The cities we live in are as much a part of the natural world as we allow them to be. Open your eyes to the world outside your window or door. You don’t have to travel very far. As long as there is sunshine, some plants, a tree and soil, there is bound to be life. They may not seem as glamorous as tigers, herds of deer or elephants but they are an equally critical part of the ecosystem. Observing and encouraging them builds a keener interest in animal behaviour, in the natural world, a world that is under attack from all sides. Forget all that, observing them enriches our lives as we appreciate and marvel at them; we are a part of the natural world too, a world that is not far – just open your door and your eyes.

Exercises

  1. Make a checklist of as many categories as you can think of: birds, insects, mammals, reptiles, amphibians, molluscs – walk around your neighbourhood – make a round of at least one square kilometre and list the various animals and birds you see. Don’t leave out butterflies! Look into trees, open grounds, nallahs. Take a pair of binoculars and a simple camera if you like to record your finds.

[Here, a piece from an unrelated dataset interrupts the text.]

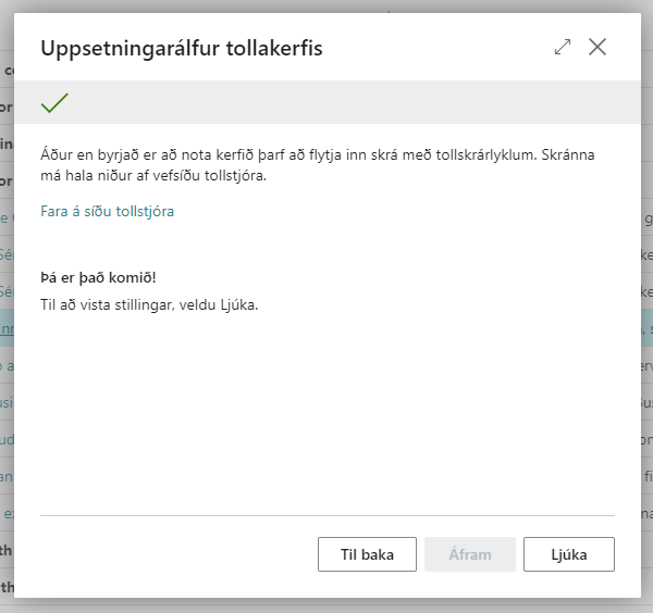 Næst er það lokaskrefið. Hér má finna hlekk á síðu Tollstjóra þar sem sækja má skjöl sem þarf að lesa inn í kerfið að lokinni uppsetningu með hjálp. Síðan mun opnast í nýjum flipa. Að því loknu skal velja Ljúka. Við það eru grunngögn stofnuð og uppsetningu er lokið.

  2. Create a butterfly garden. This can be done even if you have a small balcony with sunlight. Flowering plants like ixora and hibiscus are a good start. Make a list of plants that attract butterflies and ask your friends for cuttings or go to a nearby nursery to buy plants that you can pot in your balcony. Here’s an interesting blog link to help you get started. http://indigarden.blogspot.nl/2010/05/butterfly-garden.html.
  3. Do you have snails in your garden? Or school ground? Watch how they move, do they have feet? What is the trail they release as they move? How do you think this helps them? Why do we say ‘at a snail’s pace’ to describe slowness? Take a stopwatch and time how long it takes for a snail to get from point a to point b. Measure the distance travelled. Fair warning: this takes a lot of patience.
  4. Build a web of life with the animals you spot around your neighbourhood. Create a small team, combine your lists of animals you have found and try to figure out how they all fit into the ecological web. If one of them were to be exterminated, what would the impact be? For example, frogs eat mosquitoes – so the absence of frogs in an area could lead to a greater incidence of mosquitoes and thus mosquito related illnesses.
  5. Talk to the older residents of your neighbourhood – people who are not just older, but have lived in the area for at least 30-40 years. Ask them what kind of animals they used to see frequently. You may be surprised by their answers and realize that the jungle was nearer than you thought it was!